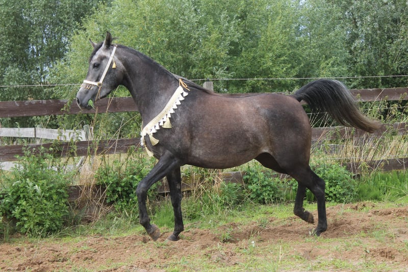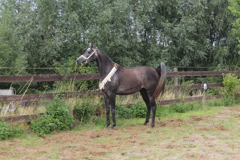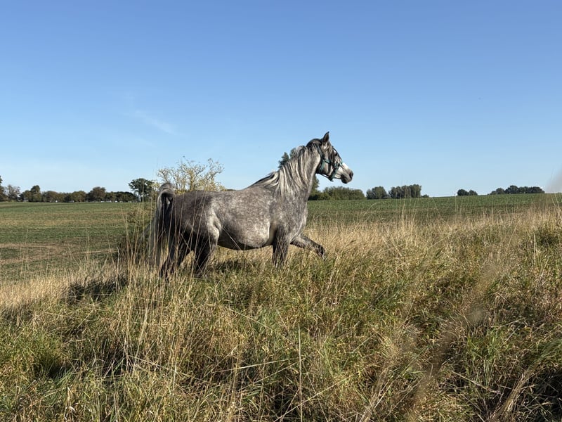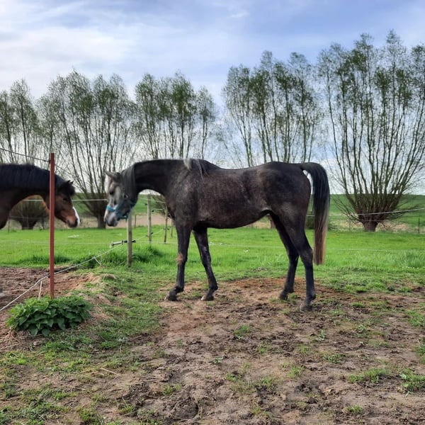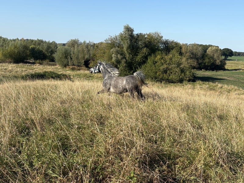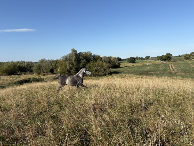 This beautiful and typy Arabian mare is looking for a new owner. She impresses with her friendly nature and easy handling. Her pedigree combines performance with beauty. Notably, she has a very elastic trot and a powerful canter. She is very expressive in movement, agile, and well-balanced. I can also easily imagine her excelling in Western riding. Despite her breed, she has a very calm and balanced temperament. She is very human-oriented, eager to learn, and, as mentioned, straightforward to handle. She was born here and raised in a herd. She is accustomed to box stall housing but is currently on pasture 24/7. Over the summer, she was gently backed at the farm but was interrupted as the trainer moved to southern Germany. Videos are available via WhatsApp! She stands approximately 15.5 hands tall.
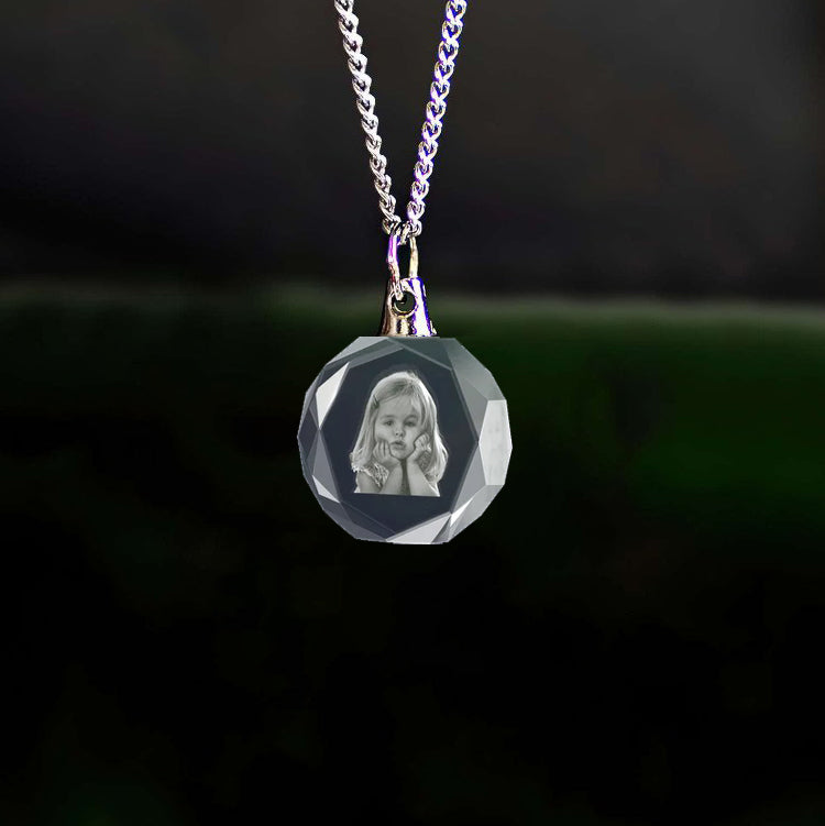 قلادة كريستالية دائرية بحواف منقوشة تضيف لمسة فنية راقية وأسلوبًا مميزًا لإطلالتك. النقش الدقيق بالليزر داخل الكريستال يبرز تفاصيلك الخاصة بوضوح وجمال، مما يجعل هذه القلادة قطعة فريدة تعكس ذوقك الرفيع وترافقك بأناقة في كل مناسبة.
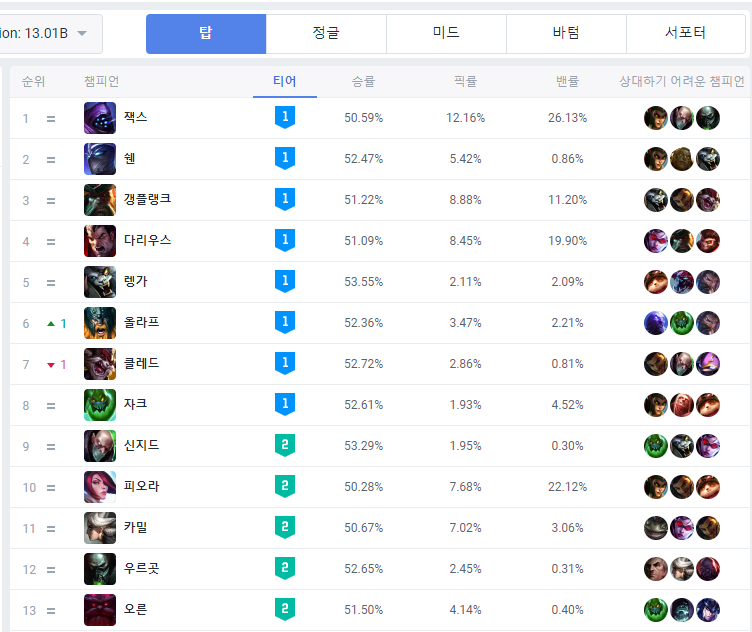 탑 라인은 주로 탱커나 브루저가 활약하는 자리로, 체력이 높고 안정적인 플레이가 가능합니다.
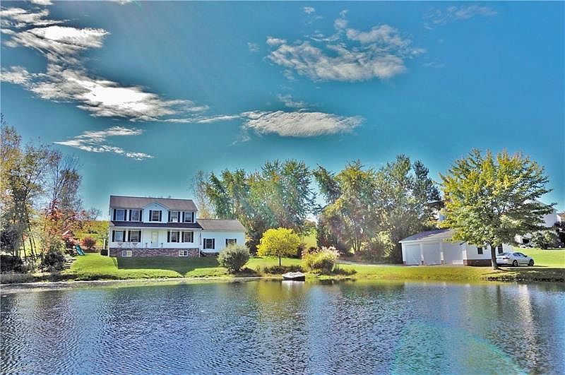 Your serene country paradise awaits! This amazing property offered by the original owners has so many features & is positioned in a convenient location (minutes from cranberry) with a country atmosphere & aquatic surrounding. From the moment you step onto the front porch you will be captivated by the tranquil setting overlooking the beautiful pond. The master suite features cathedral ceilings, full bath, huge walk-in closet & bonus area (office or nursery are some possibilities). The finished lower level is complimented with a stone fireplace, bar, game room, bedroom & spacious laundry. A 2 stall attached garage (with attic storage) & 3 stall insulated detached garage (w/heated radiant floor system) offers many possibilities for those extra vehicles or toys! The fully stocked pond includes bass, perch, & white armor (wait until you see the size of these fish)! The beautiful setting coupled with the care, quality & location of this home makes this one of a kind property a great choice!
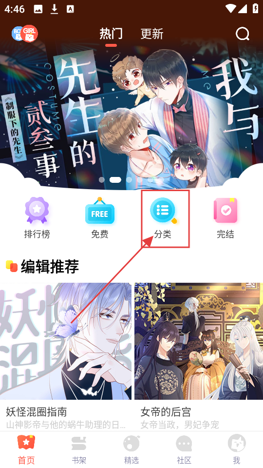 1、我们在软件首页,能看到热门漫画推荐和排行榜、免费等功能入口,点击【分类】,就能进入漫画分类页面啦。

——

What is required: Transcribe every entry exactly, omitting pictures.

Task result:
 This beautiful and typy Arabian mare is looking for a new owner. She impresses with her friendly nature and easy handling. Her pedigree combines performance with beauty. Notably, she has a very elastic trot and a powerful canter. She is very expressive in movement, agile, and well-balanced. I can also easily imagine her excelling in Western riding. Despite her breed, she has a very calm and balanced temperament. She is very human-oriented, eager to learn, and, as mentioned, straightforward to handle. She was born here and raised in a herd. She is accustomed to box stall housing but is currently on pasture 24/7. Over the summer, she was gently backed at the farm but was interrupted as the trainer moved to southern Germany. Videos are available via WhatsApp! She stands approximately 15.5 hands tall.
 قلادة كريستالية دائرية بحواف منقوشة تضيف لمسة فنية راقية وأسلوبًا مميزًا لإطلالتك. النقش الدقيق بالليزر داخل الكريستال يبرز تفاصيلك الخاصة بوضوح وجمال، مما يجعل هذه القلادة قطعة فريدة تعكس ذوقك الرفيع وترافقك بأناقة في كل مناسبة.
 탑 라인은 주로 탱커나 브루저가 활약하는 자리로, 체력이 높고 안정적인 플레이가 가능합니다.
 Your serene country paradise awaits! This amazing property offered by the original owners has so many features & is positioned in a convenient location (minutes from cranberry) with a country atmosphere & aquatic surrounding. From the moment you step onto the front porch you will be captivated by the tranquil setting overlooking the beautiful pond. The master suite features cathedral ceilings, full bath, huge walk-in closet & bonus area (office or nursery are some possibilities). The finished lower level is complimented with a stone fireplace, bar, game room, bedroom & spacious laundry. A 2 stall attached garage (with attic storage) & 3 stall insulated detached garage (w/heated radiant floor system) offers many possibilities for those extra vehicles or toys! The fully stocked pond includes bass, perch, & white armor (wait until you see the size of these fish)! The beautiful setting coupled with the care, quality & location of this home makes this one of a kind property a great choice!
 1、我们在软件首页,能看到热门漫画推荐和排行榜、免费等功能入口,点击【分类】,就能进入漫画分类页面啦。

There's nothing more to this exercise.